#### Description of the task
Apart from pictures, transcribe exactly each line from the one containing "Im Wald ist" through the final line of the listing below.

#### Input data

• • • •

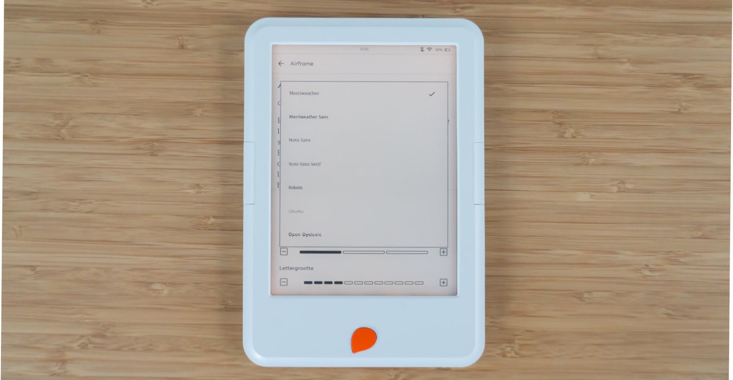 Een boek openen duurt in vergelijking met andere e-readers best lang. Met de knop op de voorkant open je tijdens het lezen de leesinstellingen. Die instellingen kun je net als op veel andere ereaders ook openen door in het midden van het scherm te tikken. Als je de knop langer ingedrukt houdt, dan schakel je de verlichting aan of uit. In de leesinstellingen biedt de Storytel Reader genoeg opties. Zo kun je kiezen uit zeven lettertypen, twaalf lettergroottes en drie niveaus van interlinie. De achtergrondverlichting kun je met twaalf stappen vrijwel traploos instellen waarbij je de lichtkleur naar keuze kunt instellen van koud naar warm in eveneens twaalf stappen.
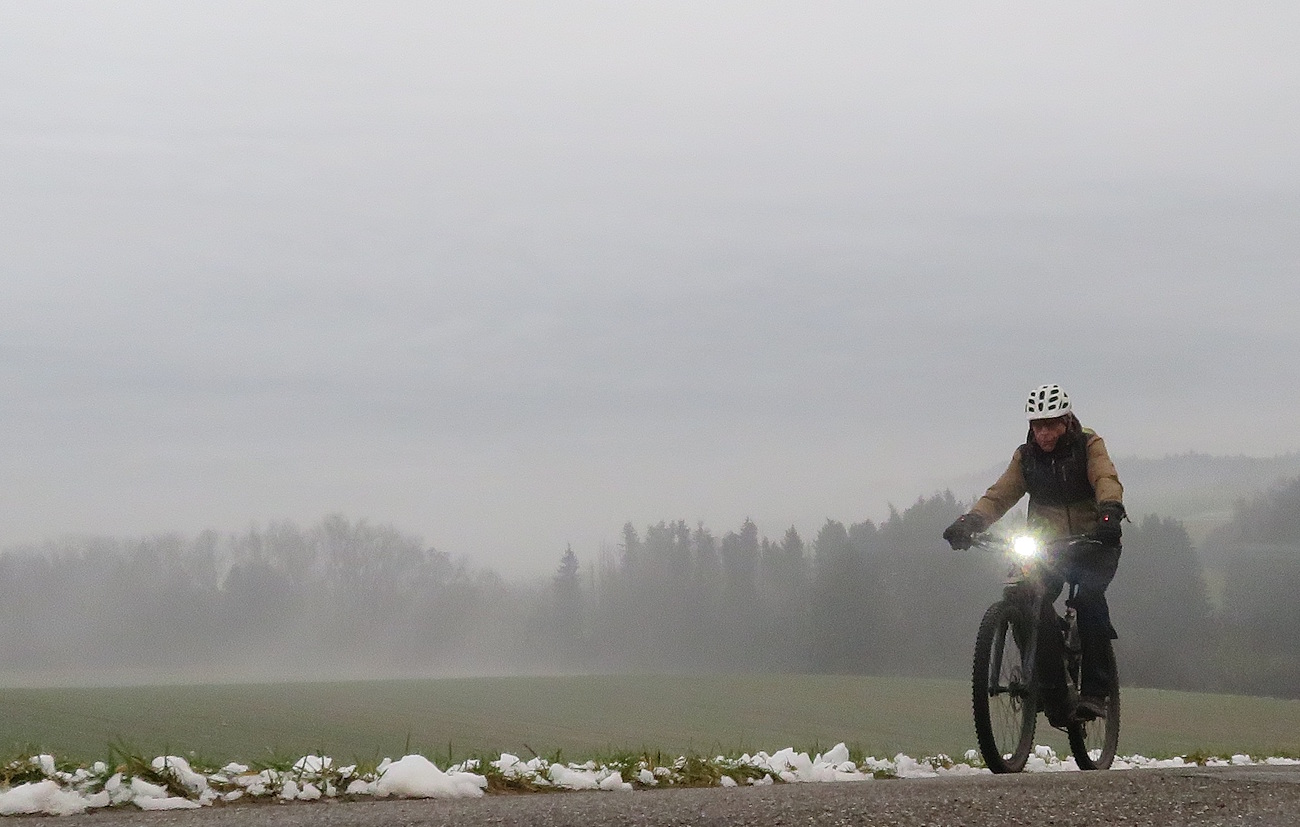 Im Wald ist es mir inzwischen zu nass und matschig, zum Teil sogar zu vereist, so dass ich mir lieber eine Runde auf Teer aussuche…
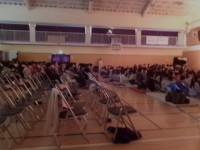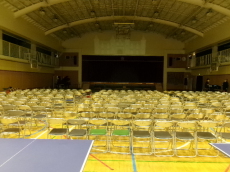 体育館に来場していただいた保護者の方やご来賓の皆様には、冷静に対応していただき本当に助かりました。保護者の方で電気設備に詳しい方には復旧作業を手伝っていただきました。それても復旧できず、大変申し訳なかったのですが、12月に延期する旨を伝え、理解していただきました。すぐーる配信でその旨お伝えしましたが、学校に来ていただいた保護者の皆様には、事情を説明して理解していただきました。延期の詳細は保護者の皆様に別途お伝えいたします。
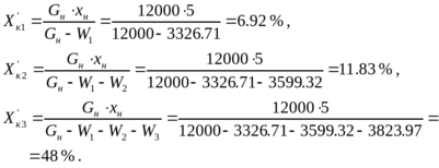 а затем конечную концентрацию раствора по корпусам

• • • •

#### Output of the exercise
 Im Wald ist es mir inzwischen zu nass und matschig, zum Teil sogar zu vereist, so dass ich mir lieber eine Runde auf Teer aussuche…
 体育館に来場していただいた保護者の方やご来賓の皆様には、冷静に対応していただき本当に助かりました。保護者の方で電気設備に詳しい方には復旧作業を手伝っていただきました。それても復旧できず、大変申し訳なかったのですが、12月に延期する旨を伝え、理解していただきました。すぐーる配信でその旨お伝えしましたが、学校に来ていただいた保護者の皆様には、事情を説明して理解していただきました。延期の詳細は保護者の皆様に別途お伝えいたします。
 а затем конечную концентрацию раствора по корпусам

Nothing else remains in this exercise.